Hot dogs are an American classic, in part because they are so delightfully simple. They’re delicious, portable and well-suited to be sold from a cart on the street corner, at the ballpark or in your favorite diner. However, many chefs have applied their culinary academy training to making truly exceptional dogs. Whether you prefer to perfect your technique in a time-honored style or forge ahead with exciting new flavors, you can find plenty of inspiration in some of America’s best frankfurters.

Perfecting the traditions
Crafting a great hot dog doesn’t have to mean reinventing the wheel. Many establishments serve franks in accordance with longstanding traditions, setting themselves apart with fresh ingredients and impressive technique. That attention to detail has been plenty to make certain stands world-famous.

“New York dogs feature beef franks, mustard, onions and sauerkraut.”

The hot dogs served at stands in New York City are generally all-beef franks with yellow mustard, steamed onions and sauerkraut. Nathan’s Famous has become an international chain of restaurants, but the original stand in Coney Island still stands as a testament to the appeal of that old-school dog. According to Gothamist, it’s still worth braving crowds of tourists to dig into this classic. Customers can also have chili and cheese thrown on the dog or enjoy an order of crinkle-cut french fries.

In operation since 1939, Pink’s Hot Dogs in Los Angeles is most celebrated for the chili dogs, also featuring onions and mustard, served since the stand’s inception.
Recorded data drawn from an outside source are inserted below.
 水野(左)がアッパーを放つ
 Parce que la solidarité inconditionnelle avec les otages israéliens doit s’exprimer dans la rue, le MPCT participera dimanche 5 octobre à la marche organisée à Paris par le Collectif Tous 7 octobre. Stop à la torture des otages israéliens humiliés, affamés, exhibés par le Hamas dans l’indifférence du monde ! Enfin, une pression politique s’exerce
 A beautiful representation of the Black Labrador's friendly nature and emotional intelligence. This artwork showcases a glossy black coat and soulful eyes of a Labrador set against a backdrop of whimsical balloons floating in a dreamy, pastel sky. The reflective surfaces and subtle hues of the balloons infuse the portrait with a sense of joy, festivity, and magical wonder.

However, the selection has expanded over the years, and it includes options like a Polish dog or pastrami Reuben dog. In keeping with the Hollywood locale, the restaurant also offers a number of special items named for celebrities. The Giada De Laurentiis dog, for instance, offers nine inches of meat topped with sauteed mushrooms, onions and peppers, tomato and mozzarella cheese.

Chicago’s approach to the hot dog is well-known, and many residents insist there is no other way to have one. Made with an all-beef frank, the Chicago-style dog features chopped onions, sweet pickle relish, tomato, peppers, a dill pickle spear, celery salt and yellow mustard on a poppy-seed bun. Restaurants like Fatso’s Last Stand show off what they know best by turning out countless dogs with those classic toppings every day. There, however, the signature dish is the char dog, a Chicago dog that is grilled over charcoal rather than steamed.
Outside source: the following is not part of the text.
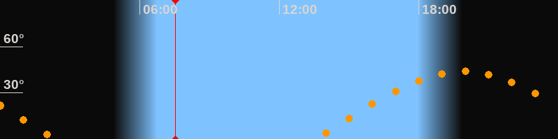 | Aufgang | 13:29 Uhr im Osten (αAz = 82°) |

Themed hot dogs are becoming especially popular.
Cincinnati’s Senate earned a prominent place on Food & Wine’s list of the best places for a hot dog in the U.S. That’s because chef Daniel Wright produces an array of unusual and fantastic variations. For instance, the croque madame tops a beef frank with Black Forest ham, bechamel, and a poached egg, served on a brioche bun. Meanwhile, the Korean dog comes with house-made kimchi, braised short rib meat and pickle.Experimenting with new flavors
While few meals are more satisfying than a hot dog prepared in the style you’ve enjoyed since childhood, sometimes you want something a little different. That’s why so many chefs have found success by adding bold new flavors to their franks. You may want to incorporate some ideas from these unique takes on the old reliable hot dog into your own cooking.
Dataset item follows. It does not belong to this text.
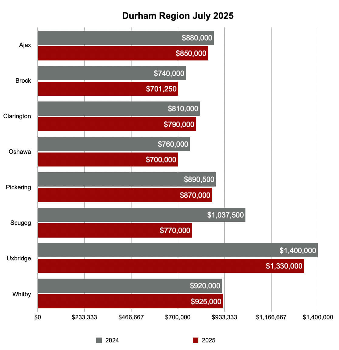 Following are the actual sales numbers in Greater Toronto Area’s major cities. Click the images below to zoom in:

NoMad Bar took the New York Post’s nod for the finest frank in town with Daniel Humm’s decadent version. The nine-inch kosher dog is wrapped in bacon and arrives on a brioche bun topped with black truffle mayonnaise, celery relish and Gruyere. Pair this over-the-top dish with one of the many fine cocktails on hand for a fully grown-up hot dog experience that still fills you with childlike glee.

The Duck Inn in Chicago specializes in creatively preparing the namesake fowl, and the restaurant’s hot dog is no exception. The sausage combines duck meat and fat with beef, wrapping it all in bacon. Chef Kevin Hickey tops his creation with cheese sauce, pickled jalapenos, Calabrian chili relish and a cucumber pickle that is house-made overnight.

Whether you’re striving to make the best Chicago-style hot dog or breaking new ground for frankfurters, you’ll find that this is one widely loved dish with limitless potential. If you apply what you learn in an accredited online culinary institute to preparing great franks, you may find that people line up to try your cooking.